BT

Roy Rapoport on Freedom to Decide and Open Sourcing at Netflix
Recorded at:

| Interview with Roy Rapoport Follow 0 Followers by Manuel Pais Follow 9 Followers on Jun 20, 2015 | NOTICE: The next QCon is in London, Mar 4 - 6, 2019. Join us!
18:34

Bio Roy Rapoport manages the Insight Engineering group at Netflix, responsible for building Netflix's Operational Insight platforms, including cloud telemetry, alerting, and real-time analytics". He originally joined Netflix as part of its datacenter-based IT/Ops group, and prior to transferring over to Product Engineering, was managing Service Delivery for IT/Ops.

Sponsored Content

Software is Changing the World. QCon empowers software development by facilitating the spread of knowledge and innovation in the developer community. A practitioner-driven conference, QCon is designed for technical team leads, architects, engineering directors, and project managers who influence innovation in their teams.

   

1. I'm Manuel Pais and I'm here at QCon London 2015 with Roy Rapoport, Insight Engineering Manager at Netflix. Thanks for accepting our invitation. Can you explain to our readers what does an Insight Engineering Manager do exactly?

An Insight Engineering Manager manages a group of engineers who are the Insight Engineering Group at Netflix. So Insight Engineering at Netflix is a 10-person group right now, software developers who build real-time operational insight systems at Netflix.

   

2. I wonder how it's like to work at Netflix with the amount of attention you get these days. Specifically when you release something to the public, open source, do you feel like you're under some kind of scrutiny or how does that feel?
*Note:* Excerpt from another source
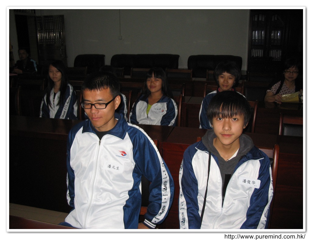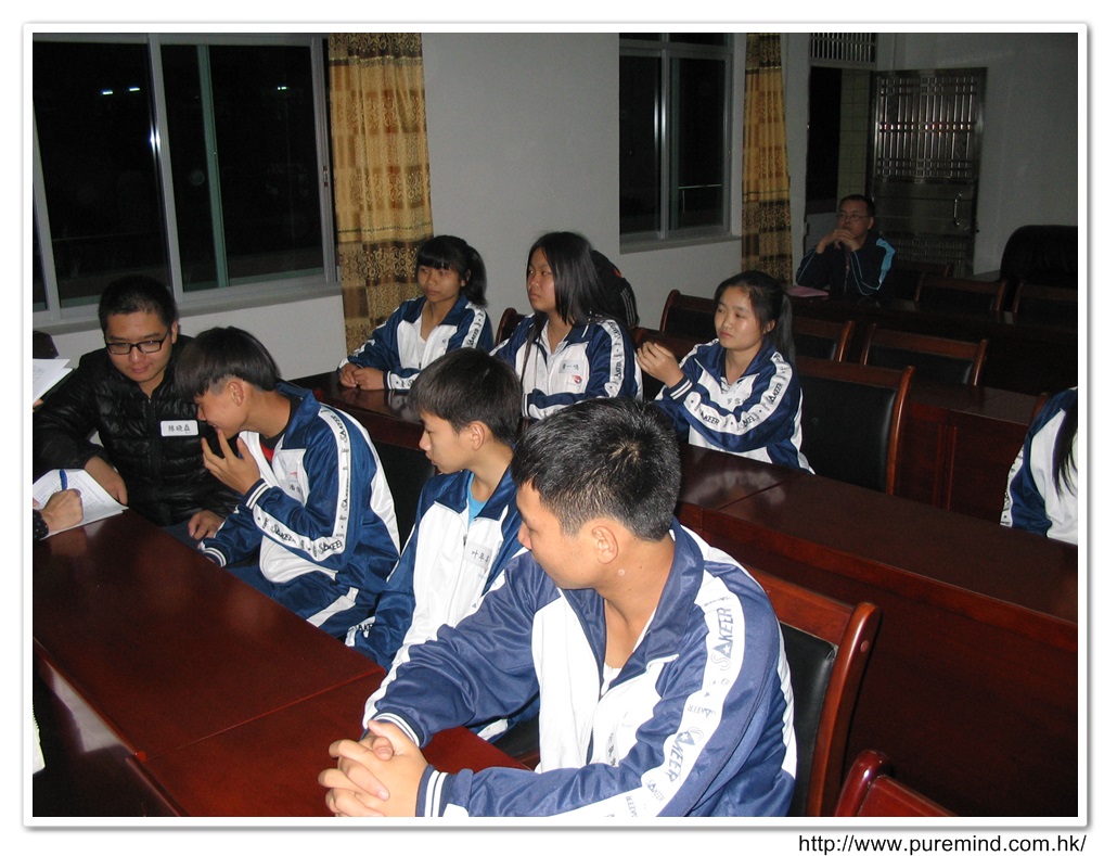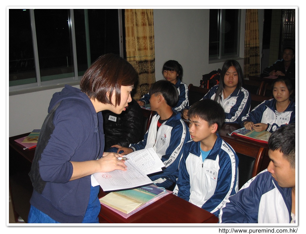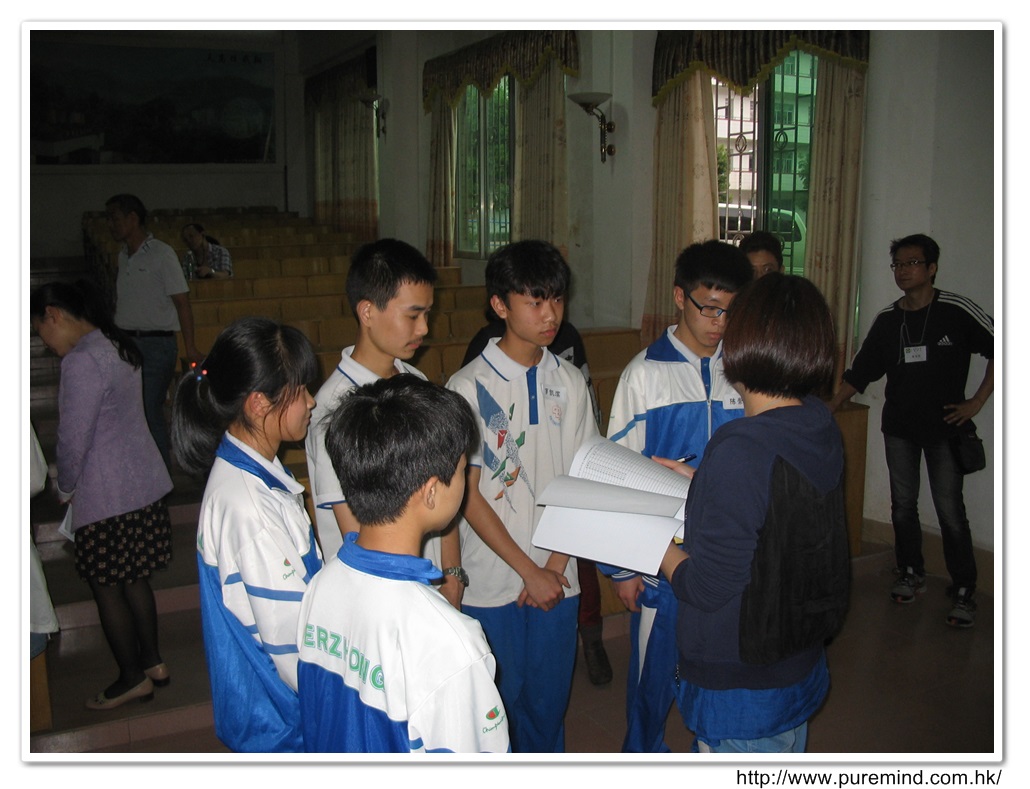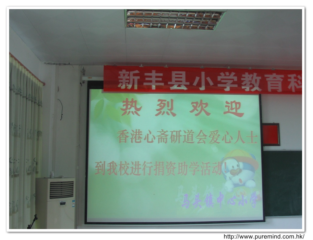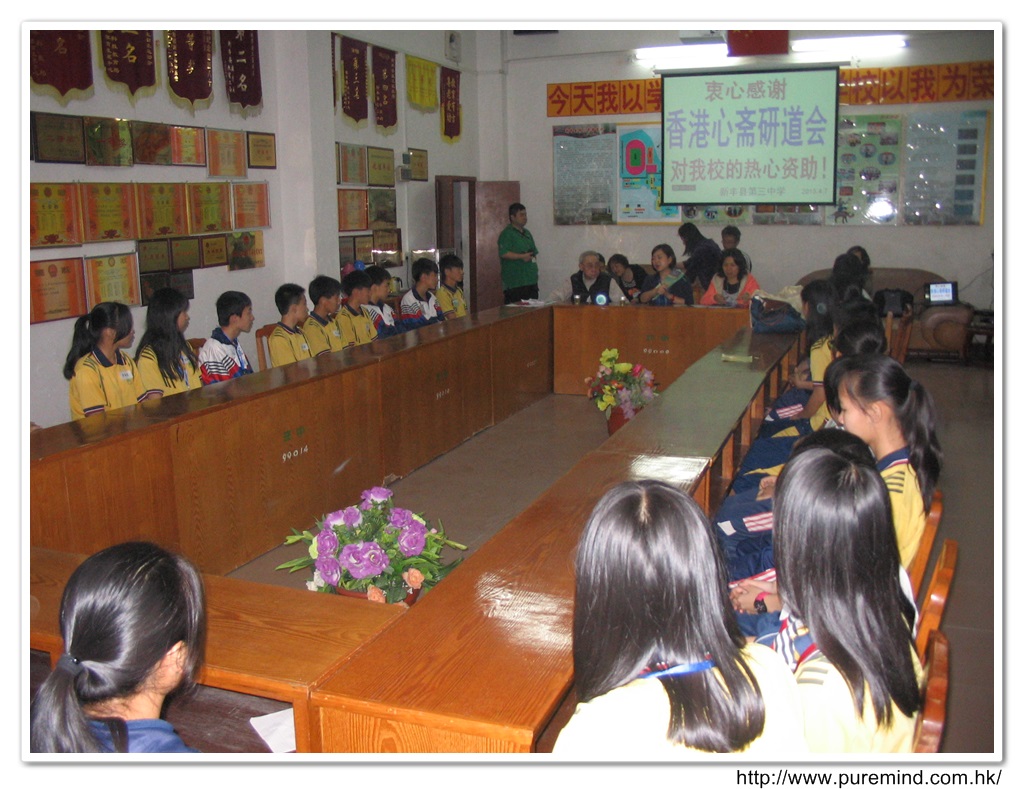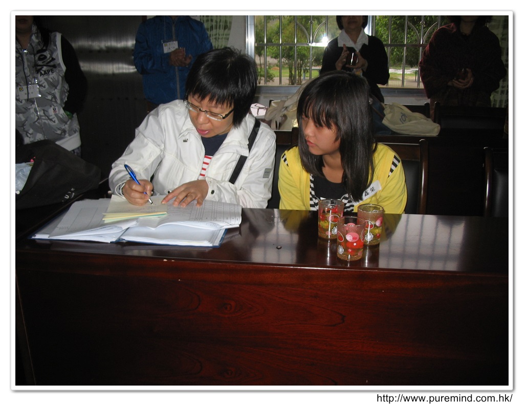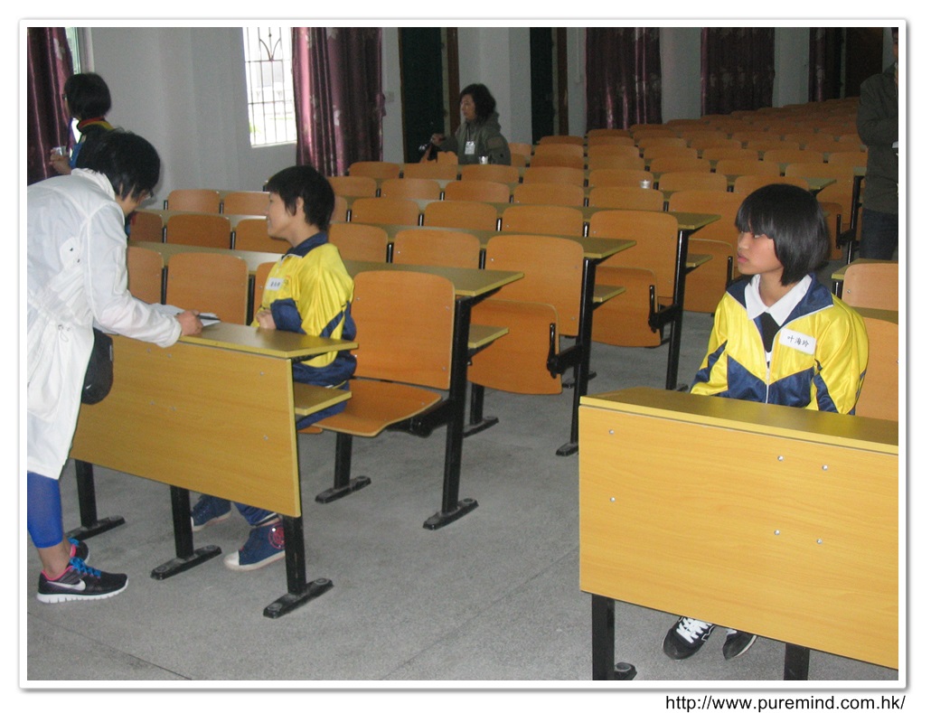 歡迎牌 - 為心齋的到訪準備及梅婉蓉總幹事正在為學生們講解助學事宜。

Yeah. We're pretty aware of the fact that when we release something and we make some sort of repo in Github public, chances are people are going to look at it and I think there's some degree of pressure to make sure that when we release something, it's good at least from a code perspective.

Internally, we've actually talked about open sourcing as a forcing function for doing code hygiene and for writing better code because frankly developers are sometimes highly motivated by trying to avoid shame.

   

3. Your talk here at QCon focused on deciding between buying and building non-core products. Can you give us a brief rundown of the decision process that you use at Netflix? In particular who is involved in that decision process and do you have some kind of checklist to decide? Or how does it work?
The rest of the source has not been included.